Flexible spending account (FSA). Originally, HSAs weren’t available to those with employer health coverage. Instead, employees were offered FSAs, or flexible spending accounts, as a way to lay aside money tax-free to pay for such out-of-pocket health costs as deductibles, copayments and other limited medical, dental and prescription expenses.
FSAs are still around and also can be set up to pay for child care. Employers often provide an FSA match, similar to their contributions to HSAs.
You’re allowed to contribute up to $2,500 annually into your FSA, but unlike with HSAs, you must use the money by year’s end or you lose it. Employers can now grant you a $500 carryover or a 2 1/2-month grace period to exhaust your balance, but not both.
Health reimbursement arrangement/account (HRA). Health reimbursement arrangements, also known as health reimbursement accounts, are owned and funded by the employer and are used to pay for health expenses not covered by your group plan, including deductibles and coinsurance. Because the money is not considered income, it’s tax-free to you.
Premium reimbursement arrangement (PRA). Through a premium reimbursement arrangement, your employer agrees to reimburse you a fixed monthly premium amount, provided you purchase your own health insurance. The reimbursement amount may be added to your paycheck tax-free. Note, however, that the U.S. Department of Labor and the IRS have said that premium reimbursement arrangements violate the Affordable Care Act and may be subject to penalties.
Not necessarily a result of health reform
Management consultant Jay Savan with Mercer says the wheels were in motion on the new push toward consumer-directed health plans well before health care reform and the signing of the Affordable Care Act in 2010.
“Some employers say it’s all about the ACA, but I beg to differ,” he says, noting that before the law, U.S. employer plans were already meeting Obamacare’s coverage standards.
But corporations were struggling with medical costs. By providing consumers with new plan options that reward comparison shopping, employers hope to drive down medical prices by spurring competition, Savan says.
“The unfortunate reality is, even in the best of circumstances, health costs are projected to rise 4.6 percent next year,” he says. “That’s a pretty steep number in an economy where revenues are not growing at that level.”

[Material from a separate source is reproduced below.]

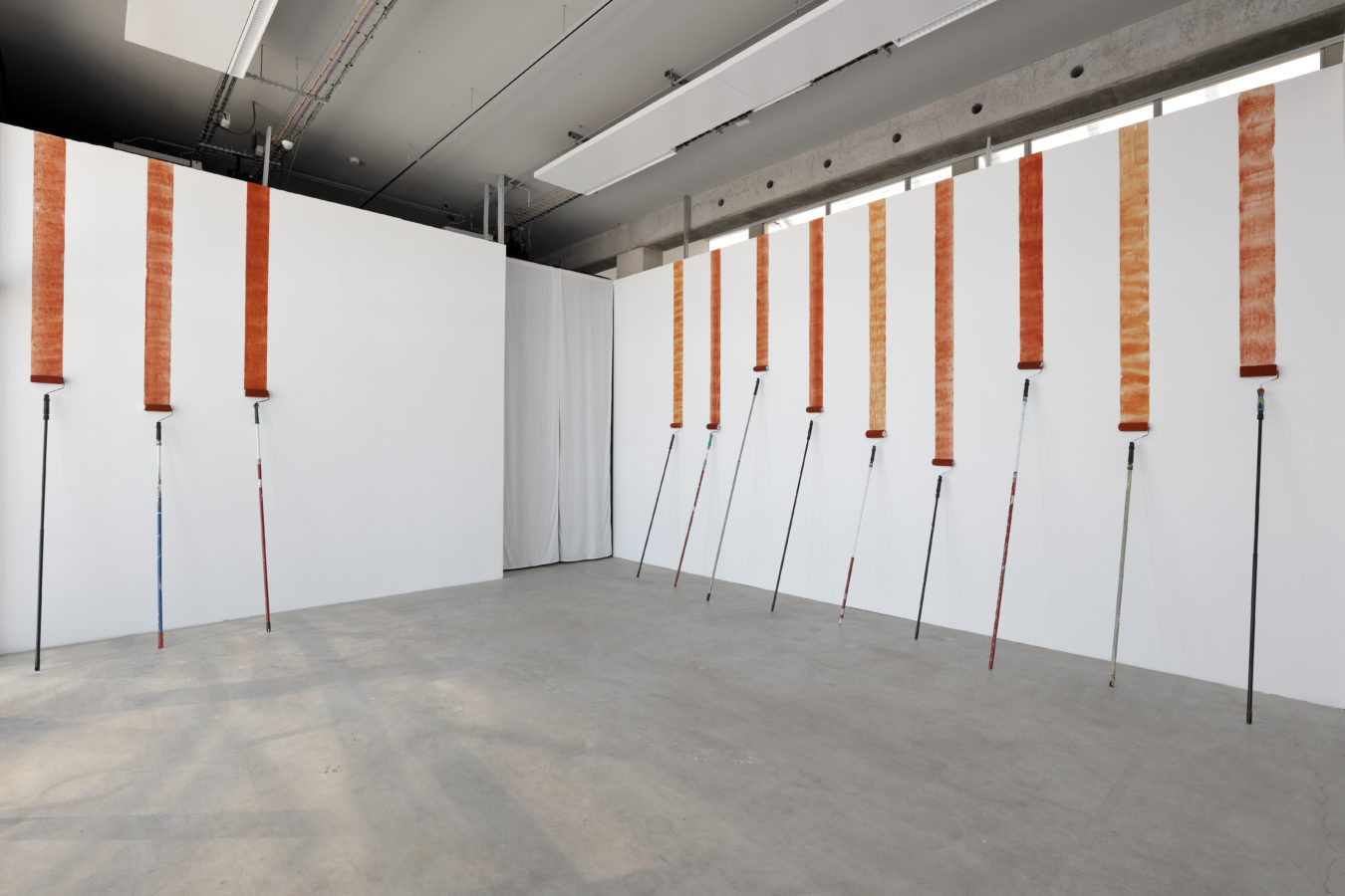 Des appareils électroportatifs s’animent soudainement, un ballet circulaire de chaises à roulettes imprime ses marques au sol tandis que des seaux de béton renversés figent l’accident d’une chaine de travail à l’arrêt. Ces objets, choisis pour leur caractère archétypique, témoignent des mouvements profonds qui transforment nos sociétés : la bétonisation des villes, la tertiarisation de l’économie ou encore l’épuisement des ressources. Toutefois, ils ne se muent pas en symboles. Leur simple présence suffit à projeter des représentations alternatives du travail – de ses espaces, de ses rythmes et de ses mythes.

Consulting firms such as Mercer and Aon Hewitt are leveraging the shift to consumer-driven care by providing private health exchanges where workers can shop for their own coverage. That relieves employers of the administrative burden of offering health insurance to workers.
Concern for the consumer
The pressure on consumers to come up to speed quickly on HSAs, FSAs and the mechanics of consumer-directed health plans worries Amy Bach, executive director of the San Francisco-based consumer group United Policyholders.
“On balance, the innovations, the competition and the proliferation of options are good for consumers who know how to shop,” she says. “For those who don’t, it’s always going to be a problem because it’s not clear that there are viable default health options anymore. It’s not one-size-fits-all anymore.”